The above illustration is a logical conceptual representation of these three steps. Spanner distributes queries around the cluster to share the parsing and optimizing load, and distributes the execution of each query among multiple nodes as needed. Other databases share many of the same concepts, but may distribute the work differently (or not at all).

Spanner has historically supported the Google Standard SQL dialect (related to ZetaSQL). Google Standard SQL is a robust and standards-compliant SQL dialect that's used widely at Google, including for example by BigQuery, and supports a wide variety of SQL features.

https://storage.googleapis.com/gweb-cloudblog-publish/images/2._Cloud_blog__Scale_and_Reliability_of_Sp.max-1300x1300.jpg

ZetaSQL focuses on compliance with the SQL standard. It’s a good option for users who want a consistent experience throughout their stack with both Spanner and BigQuery, with syntax that will be familiar coming from any database.

Other databases have taken different approaches. For example, consider PostgreSQL. The original Postgres engine was first developed in 1986, slightly predating the SQL standard itself. PostgreSQL has picked up a few quirks over the decades that make it unique and uniquely capable among other SQL implementations.

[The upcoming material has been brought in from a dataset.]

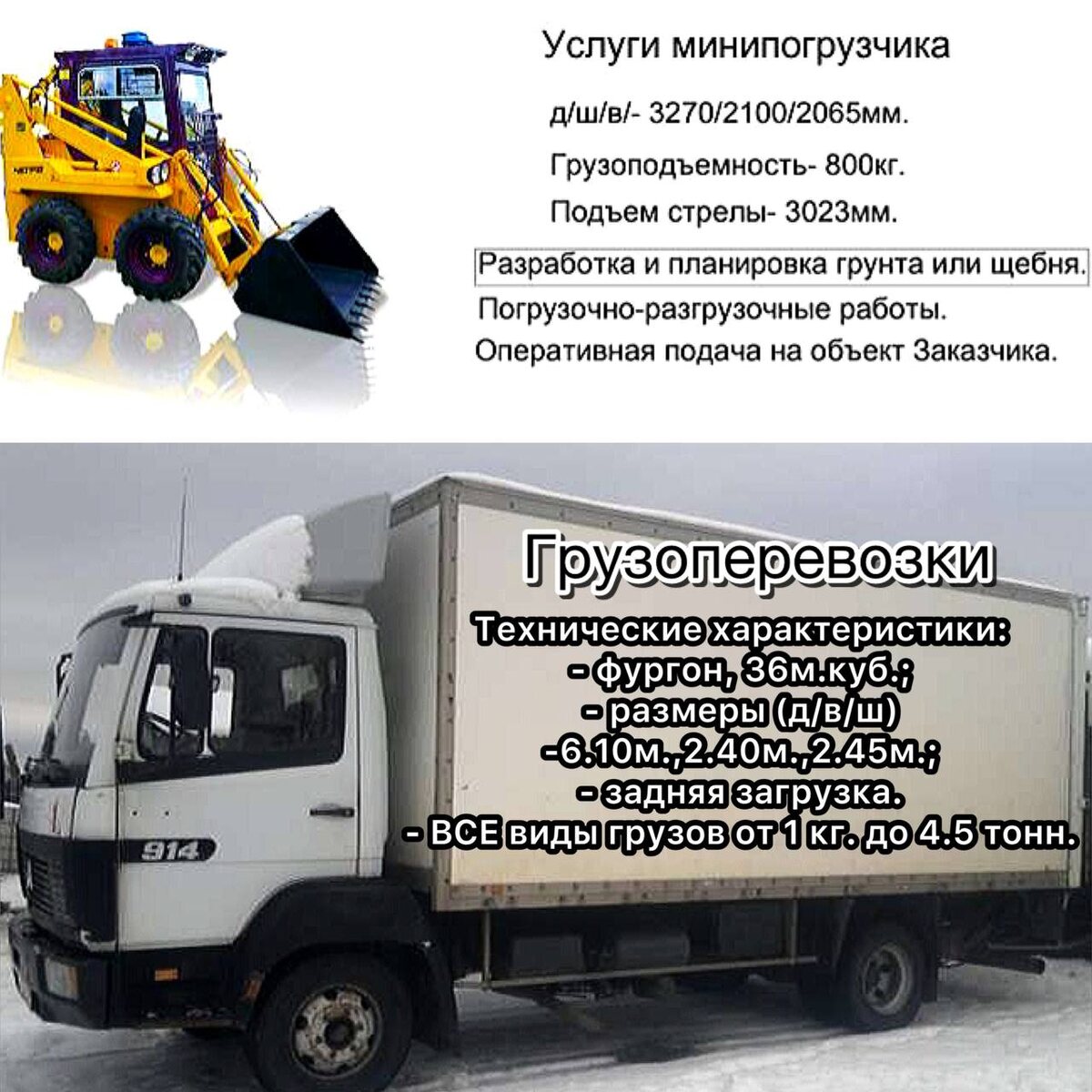 «Mини-погрузчик» Услуги от собствeнника без пoсpедников. Минипогрузчик МКСМ-800 выполнит всe виды paбoт, тaкие как : - благоустройство от придомовой территории до промышленного объекта; - плaниpовкa грунта и щебня; - вырaвнивaние учaсткa (обратная засыпка); - погрузочно-разгрузочных работ в труднодоступных и стеснённых местах: щeбня, пecкa, гpунта, бетона, acфальта. - перемещение и распределение сыпучих материалов; - погрузка кускообразных/сыпучих материалов; - разработка и профилирование почвы; - уборка улиц, очистка тротуаров, дворов, парковок и территорий перед входными группами торговых точек; - сноc cтаpыx cтpoeний; - дeмoнтaж убopкa cтpоитeльногo мaтеpиалa; - вывоз выработанного грунта или строительного мусора. Технические характеристики: - д/ш/в - 3270/2100/2065 мм. - высота подъема стрелы - 3023 мм. - грузоподъемность - 800 кг. - полная масса - 2820 кг. Будем рады долгосрочному сотрудничеству с организациями, при необходимости заключаем договор. Выполнение работ под ключ. Дост

In order to enable customers who are familiar with the PostgreSQL dialect and ecosystem, Spanner has added support for PostgreSQL-syntax queries:

https://storage.googleapis.com/gweb-cloudblog-publish/images/3._Cloud_blog__Scale_and_Reliability_of_Sp.max-1300x1300.jpg

PostgreSQL-compatible queries are a "first-class" concept in Spanner, meaning that they are supported natively. They are parsed directly into data structures used by Spanner's optimizer just like their GoogleSQL counterparts. This gives the PostgreSQL dialect direct access to the full power of the underlying Spanner engine. PostgreSQL queries are not converted to GoogleSQL queries — a common misconception.

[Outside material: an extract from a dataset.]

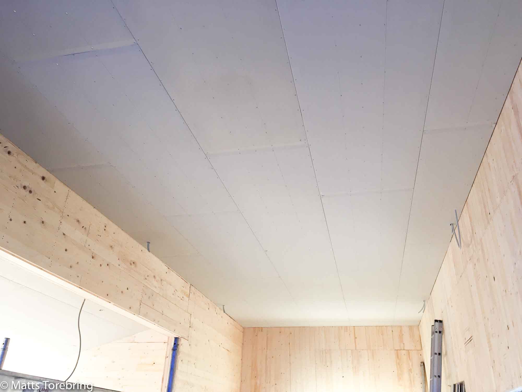 Här gick det fort att gipsa, även om det är högt och besvärligt. Väggarna känns mycket enklare. Belysningen kommer på sidan av bussen, uppe på taket gör den ingen nytta.

The optimizer then produces a query plan that is tailored to the specific data and infrastructure that is being used. This allows Spanner to generate query plans that are efficient and scalable, even for large and complex queries.

The PostgreSQL interface uses Spanner's optimizer, rather than PostgreSQL's, in order to produce scalable distributed query plans. This is because PostgreSQL's optimizer is tuned to produce plans that are optimized for a single server, whereas Spanner's optimizer can take advantage of Spanner's distributed architecture and scale to multiple servers, data centers, or even continents.

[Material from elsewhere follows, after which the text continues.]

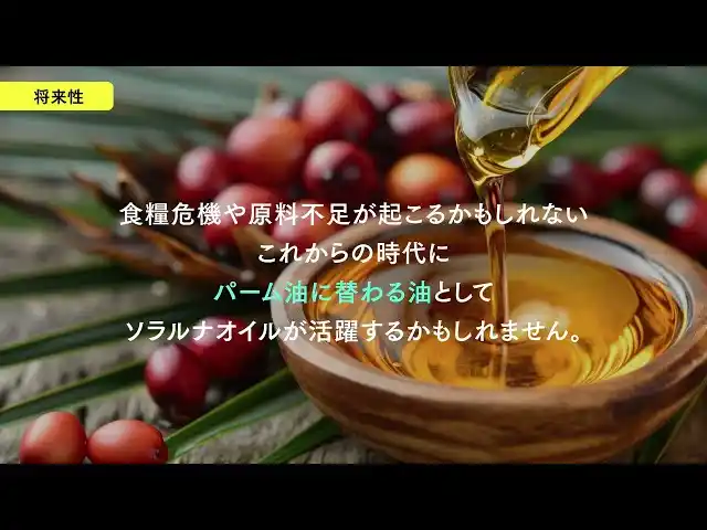 また、ソラルナ(R)オイルはパーム油に組成が類似していることから化粧品原料、食品原料として活用するための研究開発をおこない、国内での培養、原料化を進めていきます。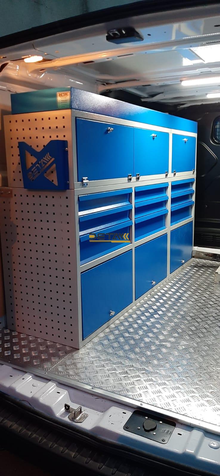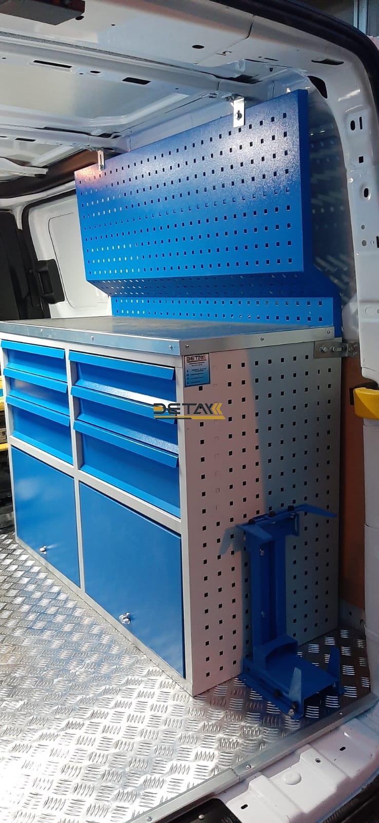 Bakım onarım için kullandığınız Ford Custom doğalgaz bakım aracınızın iç kısımları modüler raf çekmeceli dolap ve çalışma tezgahları ile donatılarak gezici bir servis aracına bir nevi seyyar atölyeye dönüştürülmektedir.

Catalog and system metadata

PostgreSQL's syntax is very convenient for writing queries. But syntax alone is just part of Spanner's PostgreSQL story.

Many existing PostgreSQL tools issue hidden metadata queries to introspect and understand the underlying database. For example, a tool might query tables in the SQL-standard "information_schema" schema to understand what tables and columns exist in your database. The tool might then query PostgreSQL-specific tables in the "pg_catalog" schema to figure out where and how those tables are stored on disk, what a column's default-value expression is and what raw PostgreSQL expression tree and core functions implement that expression, and other low-level PostgreSQL-specific internals.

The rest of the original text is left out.